### AIM OF THE TASK
Take the material below and extract the lines from the one with "Speech of Mr." through the one with "Notice that the", word for word, without pictures.

### SUPPLIED RECORDS
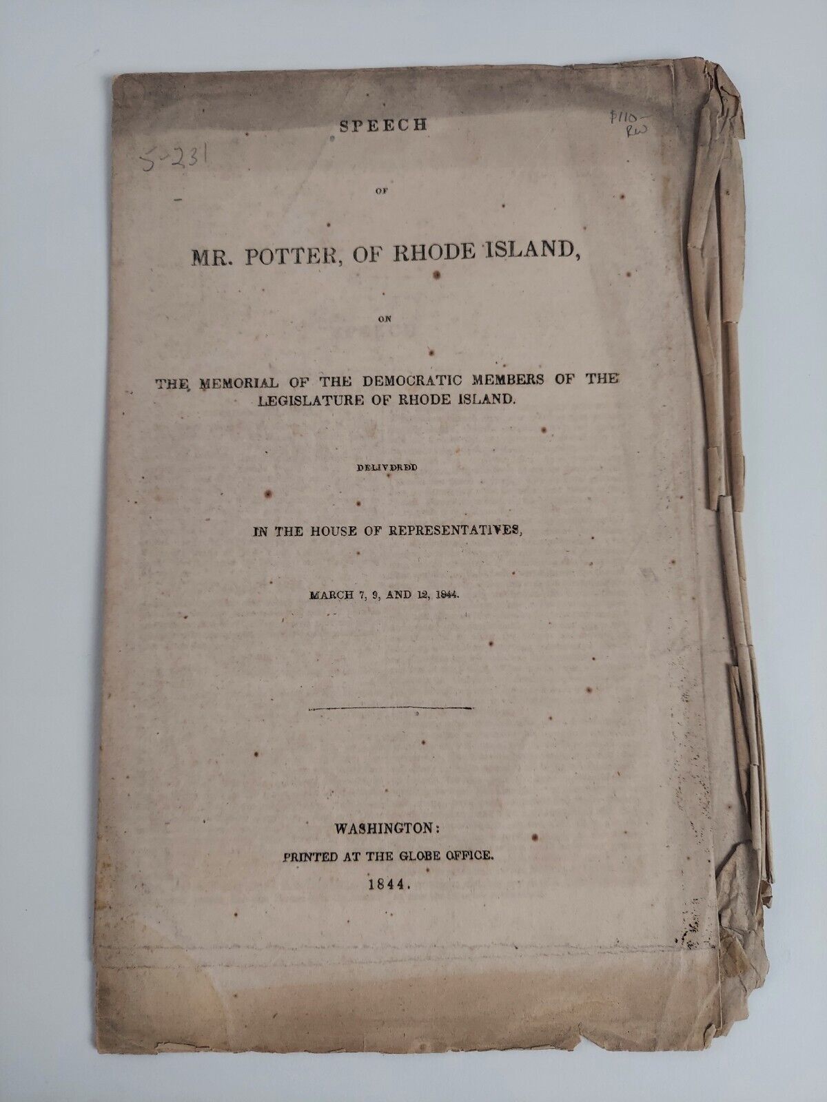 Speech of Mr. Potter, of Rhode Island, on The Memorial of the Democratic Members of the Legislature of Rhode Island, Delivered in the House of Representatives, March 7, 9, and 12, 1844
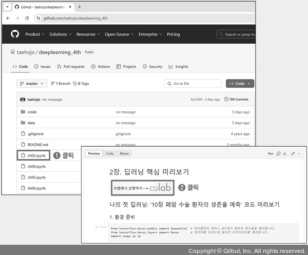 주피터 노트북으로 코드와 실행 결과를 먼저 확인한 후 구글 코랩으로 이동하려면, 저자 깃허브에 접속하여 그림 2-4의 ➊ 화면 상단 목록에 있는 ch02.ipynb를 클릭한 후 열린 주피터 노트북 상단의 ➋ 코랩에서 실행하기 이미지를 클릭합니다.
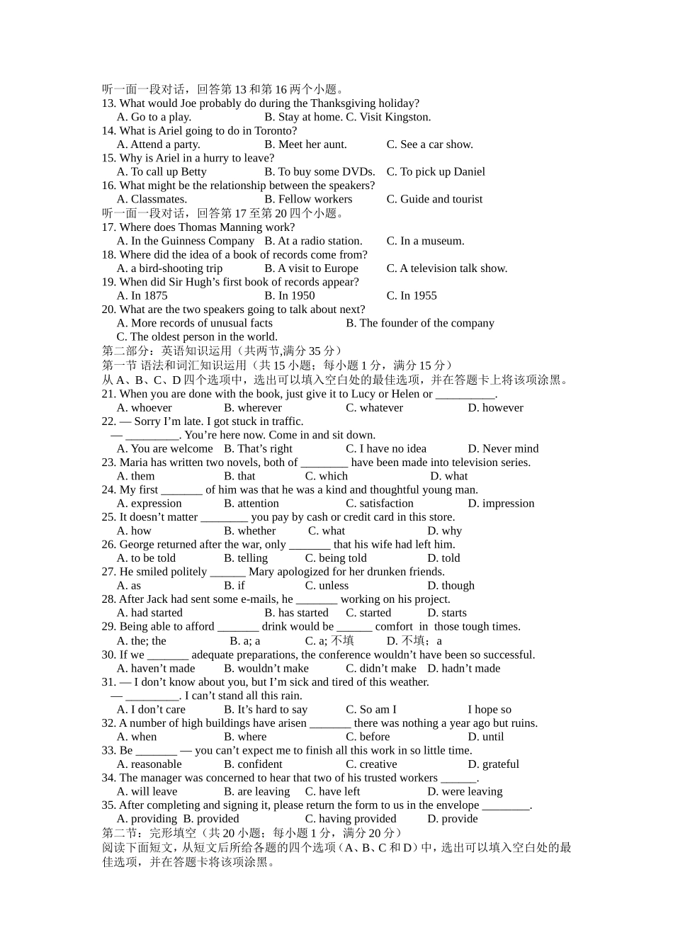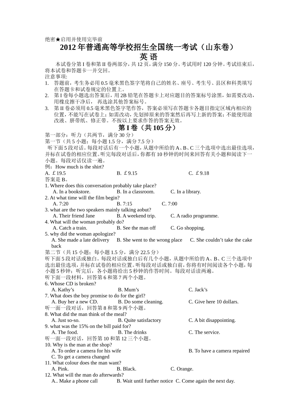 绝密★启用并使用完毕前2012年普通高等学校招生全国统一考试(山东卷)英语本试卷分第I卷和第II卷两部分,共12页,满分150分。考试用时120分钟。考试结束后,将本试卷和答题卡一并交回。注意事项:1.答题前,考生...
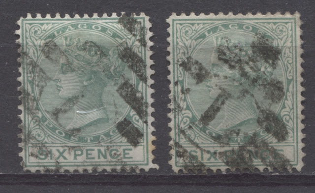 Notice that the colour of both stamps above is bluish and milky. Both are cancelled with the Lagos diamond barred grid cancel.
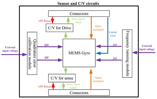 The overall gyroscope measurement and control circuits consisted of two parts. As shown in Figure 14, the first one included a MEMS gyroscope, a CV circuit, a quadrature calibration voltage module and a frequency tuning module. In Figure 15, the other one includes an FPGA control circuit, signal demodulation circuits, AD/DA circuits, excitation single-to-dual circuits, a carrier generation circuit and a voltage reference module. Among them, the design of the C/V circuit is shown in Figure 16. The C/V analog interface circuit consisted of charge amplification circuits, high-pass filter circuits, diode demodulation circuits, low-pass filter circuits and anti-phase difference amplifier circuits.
==
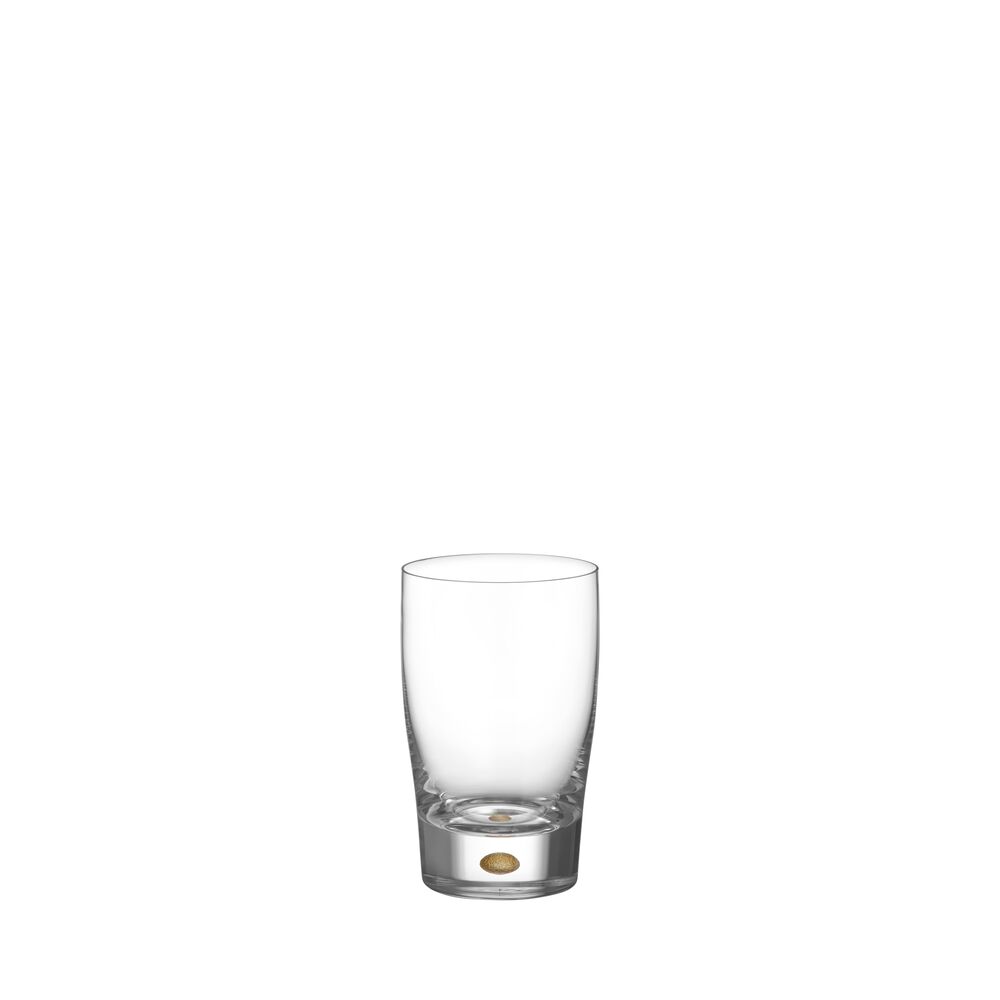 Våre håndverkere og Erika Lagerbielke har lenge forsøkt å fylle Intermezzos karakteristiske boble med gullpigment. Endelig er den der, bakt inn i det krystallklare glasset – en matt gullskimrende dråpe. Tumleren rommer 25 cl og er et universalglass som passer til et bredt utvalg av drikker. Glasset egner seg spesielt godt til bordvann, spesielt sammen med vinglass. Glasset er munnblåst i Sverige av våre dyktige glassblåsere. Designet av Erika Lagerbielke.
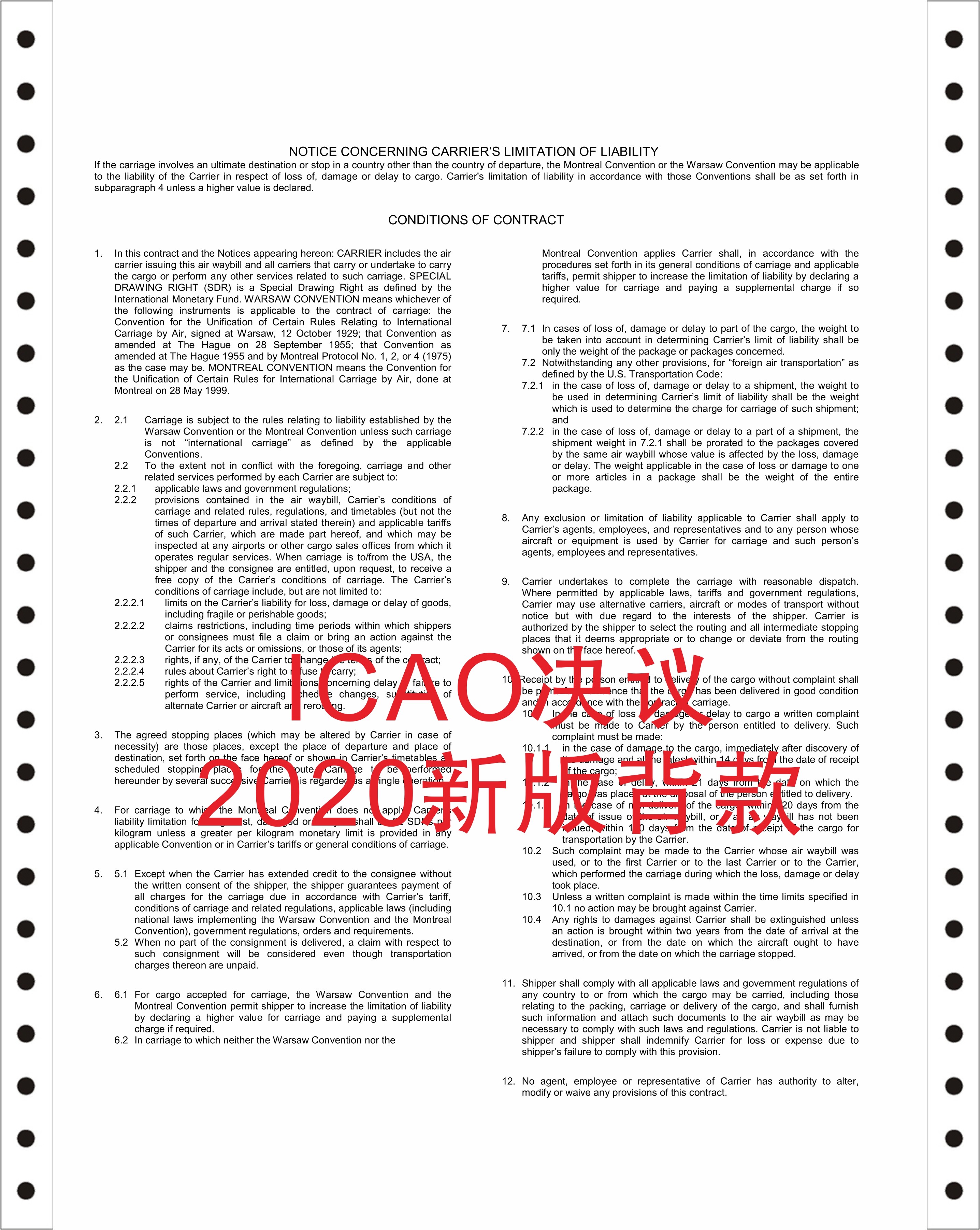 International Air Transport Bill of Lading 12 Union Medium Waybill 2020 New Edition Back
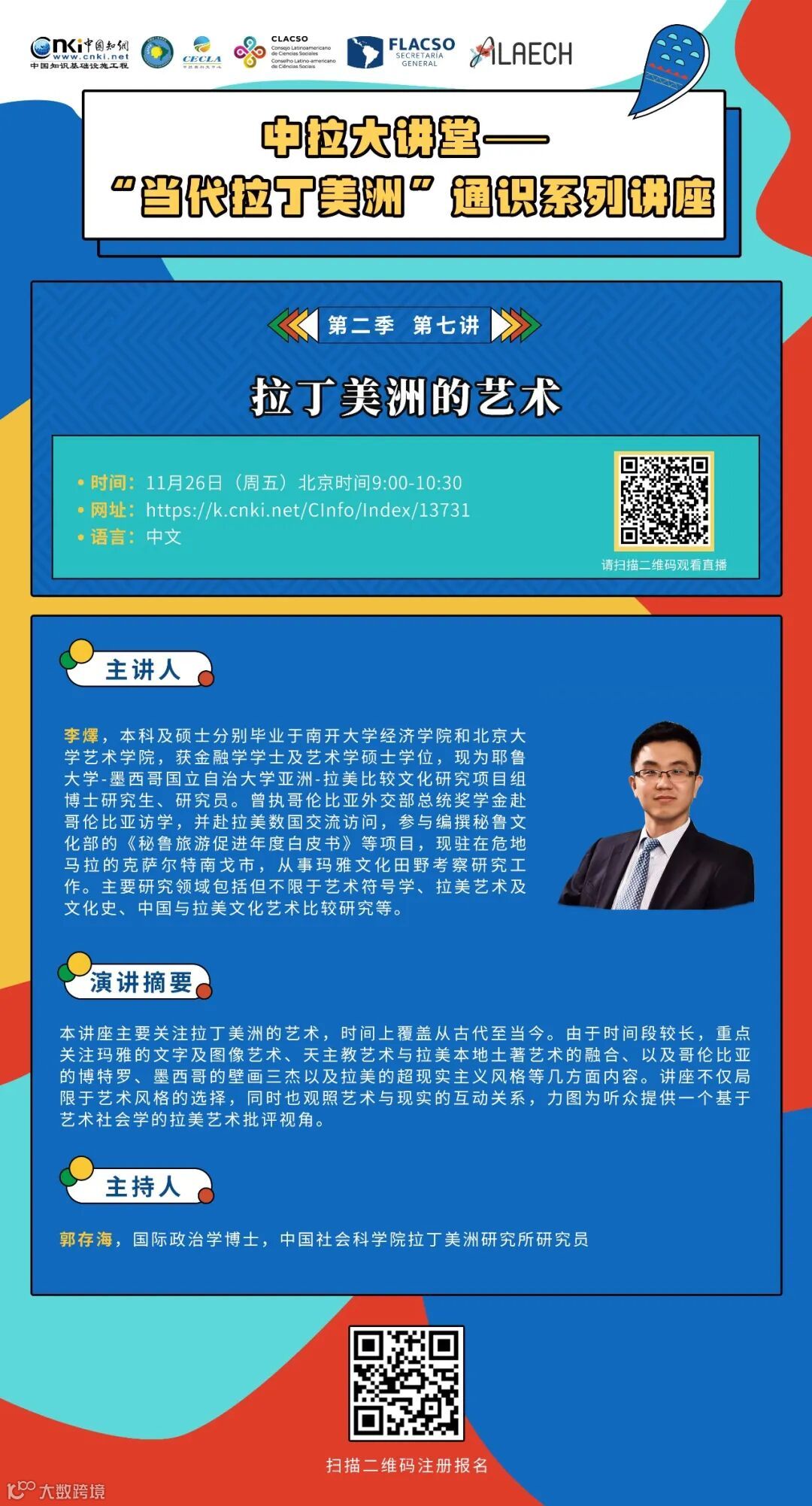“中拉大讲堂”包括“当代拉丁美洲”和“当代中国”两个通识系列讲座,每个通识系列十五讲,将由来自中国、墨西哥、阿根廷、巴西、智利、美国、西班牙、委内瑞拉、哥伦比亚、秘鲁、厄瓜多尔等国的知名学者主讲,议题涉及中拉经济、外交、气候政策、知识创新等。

### SOLUTION TO THIS PROBLEM
 Speech of Mr. Potter, of Rhode Island, on The Memorial of the Democratic Members of the Legislature of Rhode Island, Delivered in the House of Representatives, March 7, 9, and 12, 1844
 주피터 노트북으로 코드와 실행 결과를 먼저 확인한 후 구글 코랩으로 이동하려면, 저자 깃허브에 접속하여 그림 2-4의 ➊ 화면 상단 목록에 있는 ch02.ipynb를 클릭한 후 열린 주피터 노트북 상단의 ➋ 코랩에서 실행하기 이미지를 클릭합니다.
 绝密★启用并使用完毕前2012年普通高等学校招生全国统一考试(山东卷)英语本试卷分第I卷和第II卷两部分,共12页,满分150分。考试用时120分钟。考试结束后,将本试卷和答题卡一并交回。注意事项:1.答题前,考生...
 Notice that the colour of both stamps above is bluish and milky. Both are cancelled with the Lagos diamond barred grid cancel.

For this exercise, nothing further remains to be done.